Albert Raney Sr. is the patriarch of the Raney family. He and his family lived and presumably still live along Arkansas' National Scenic 7 Byway between Harrison and Jasper, and have had a major impact on the history of that area. 

In the early twentieth century Raney purchased a piece of land in an area previously known as "Wilcockson". They diverted water from a nearby creek, called Mill Creek, to create a waterfall and a pond. They renamed the area Marble Falls, the name it has today. They then turned the pond into a trout farm.

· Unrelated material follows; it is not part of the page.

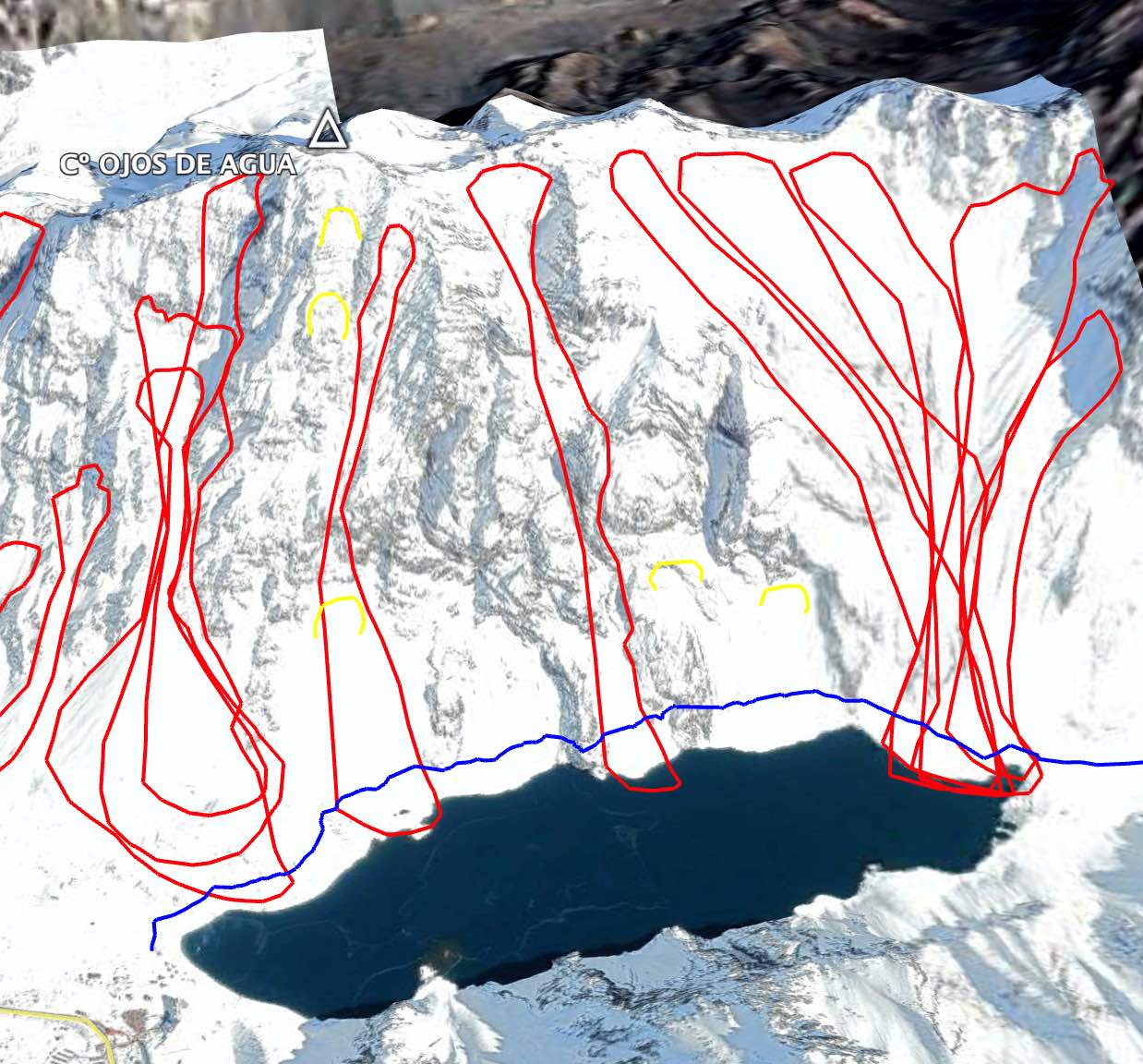 3. En la imagen sólo hemos marcado las sendas del Cº Ojos de Agua, ya que las sendas del Cº Cabeza de Inca, se ubican en otra sección de avalanchas Portillo.

In 1949, Raney purchased "Wild Horse Cavern", a cave that had been a tourist attraction since 1928, but had been closed and virtually abandoned for ten years. He revitalized it by cleaning out debris left by vandals, and adding safety features such as stairs, hand rails, and an electric lighting system. In 1950, he reopened the cave as Mystic Caverns, and began giving tours. 

Albert Raney Sr. turned the cave property over to his son, Albert Raney Jr. in 1959. Albert Jr. and friends and family would continue giving guided tours of the cave until it was sold to the developers of Dogpatch USA in 1966 along with the family trout farm. However, the Raney's would continue to manage the trout farm and Mystic Caverns for Dogpatch. 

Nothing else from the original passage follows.